● **Data below**
^^^^

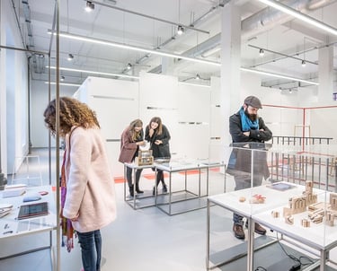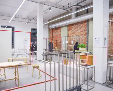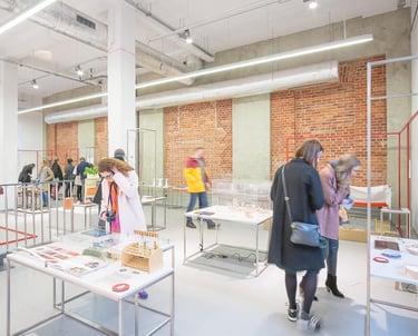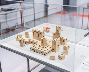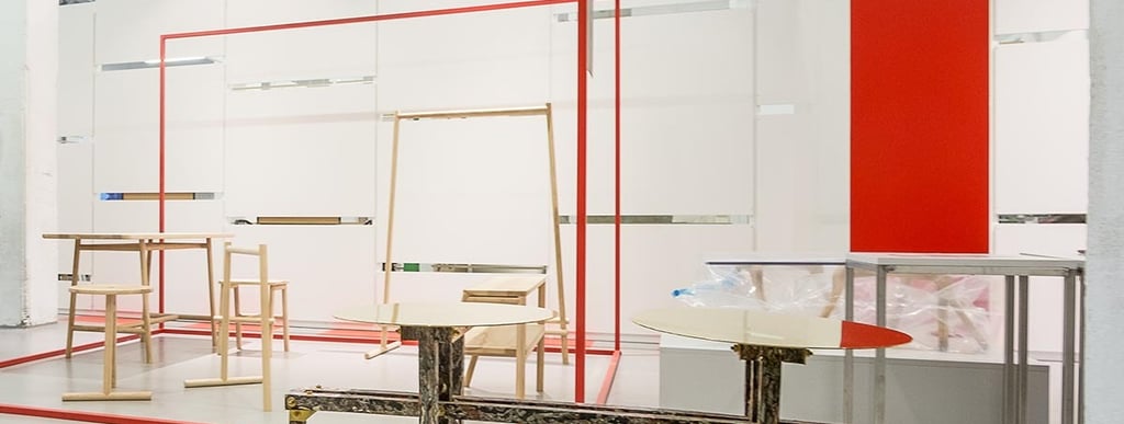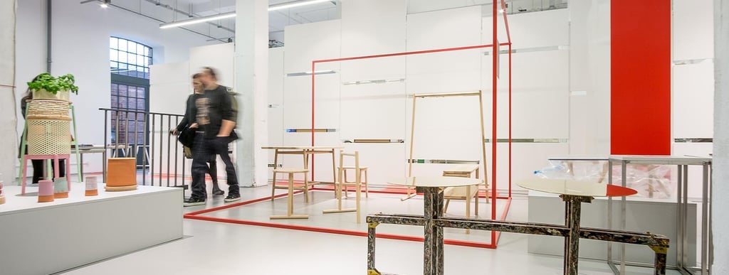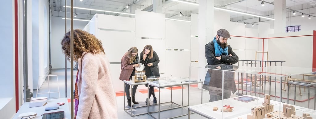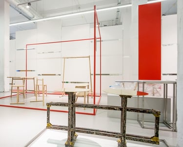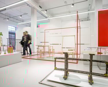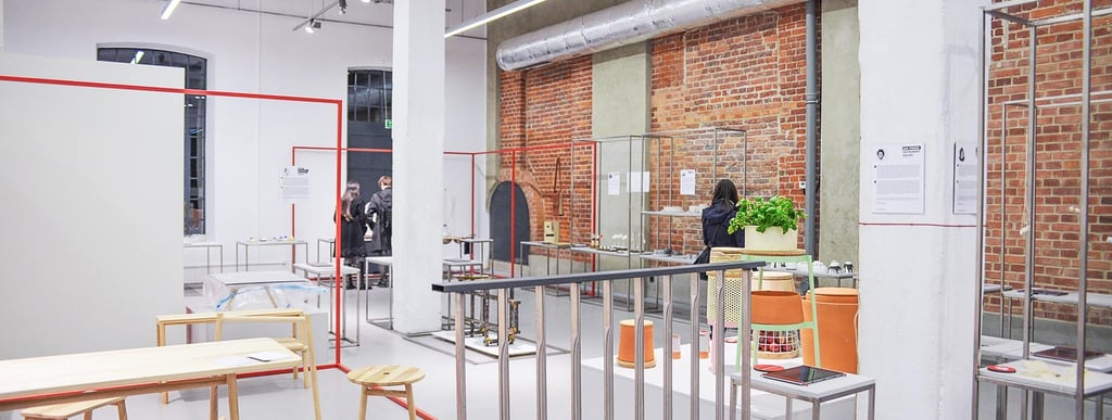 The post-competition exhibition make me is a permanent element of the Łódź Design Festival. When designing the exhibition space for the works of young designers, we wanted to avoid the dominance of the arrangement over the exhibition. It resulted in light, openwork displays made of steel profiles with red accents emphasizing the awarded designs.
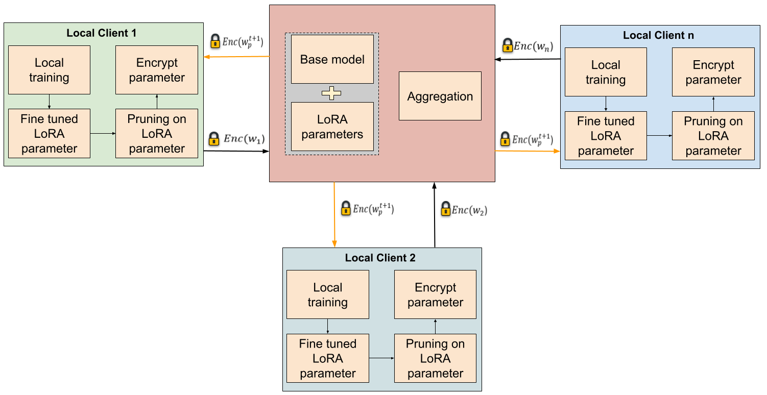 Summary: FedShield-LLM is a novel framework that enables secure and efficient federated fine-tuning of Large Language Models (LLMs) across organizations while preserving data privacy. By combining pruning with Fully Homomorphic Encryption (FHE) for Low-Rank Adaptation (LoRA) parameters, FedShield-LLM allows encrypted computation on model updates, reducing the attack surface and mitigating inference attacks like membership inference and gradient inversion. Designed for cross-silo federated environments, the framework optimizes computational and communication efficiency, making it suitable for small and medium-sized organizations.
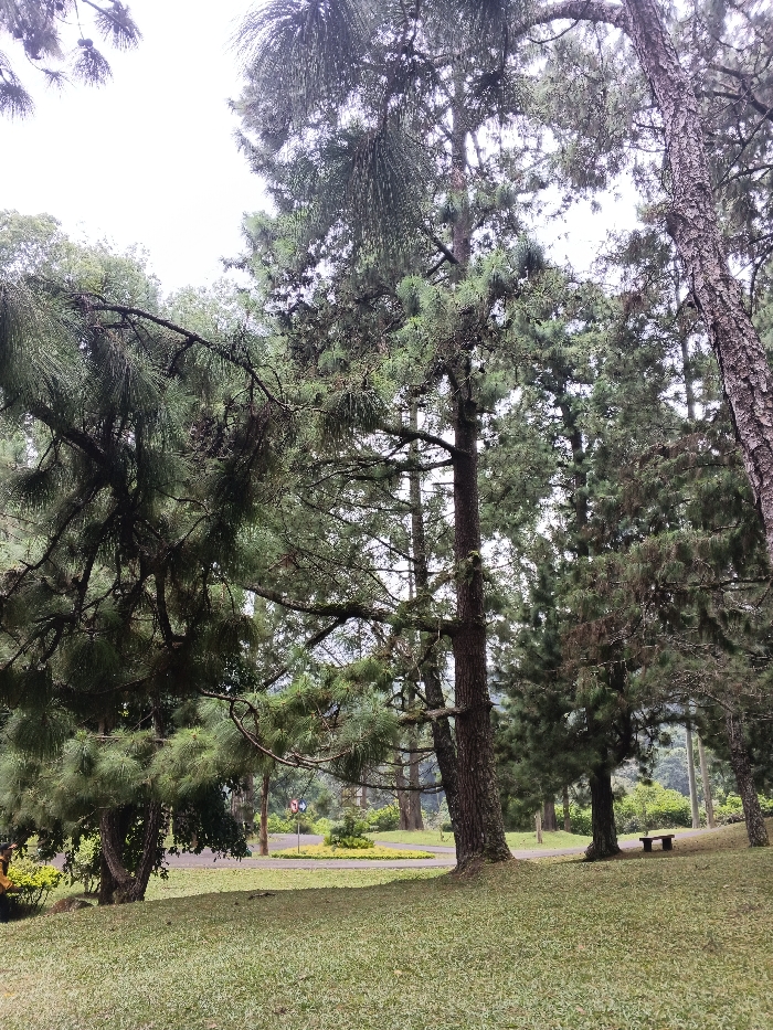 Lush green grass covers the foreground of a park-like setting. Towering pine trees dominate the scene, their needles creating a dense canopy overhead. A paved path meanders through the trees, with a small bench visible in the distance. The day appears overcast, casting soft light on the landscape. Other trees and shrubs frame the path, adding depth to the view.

^^^^

● **Exercise brief**
Each line from the one containing "Summary: FedShield-LLM is" through the last line of the data should be written out exactly. Skip the pictures, and add no other lines.

● **Problem solution**
 Summary: FedShield-LLM is a novel framework that enables secure and efficient federated fine-tuning of Large Language Models (LLMs) across organizations while preserving data privacy. By combining pruning with Fully Homomorphic Encryption (FHE) for Low-Rank Adaptation (LoRA) parameters, FedShield-LLM allows encrypted computation on model updates, reducing the attack surface and mitigating inference attacks like membership inference and gradient inversion. Designed for cross-silo federated environments, the framework optimizes computational and communication efficiency, making it suitable for small and medium-sized organizations.
 Lush green grass covers the foreground of a park-like setting. Towering pine trees dominate the scene, their needles creating a dense canopy overhead. A paved path meanders through the trees, with a small bench visible in the distance. The day appears overcast, casting soft light on the landscape. Other trees and shrubs frame the path, adding depth to the view.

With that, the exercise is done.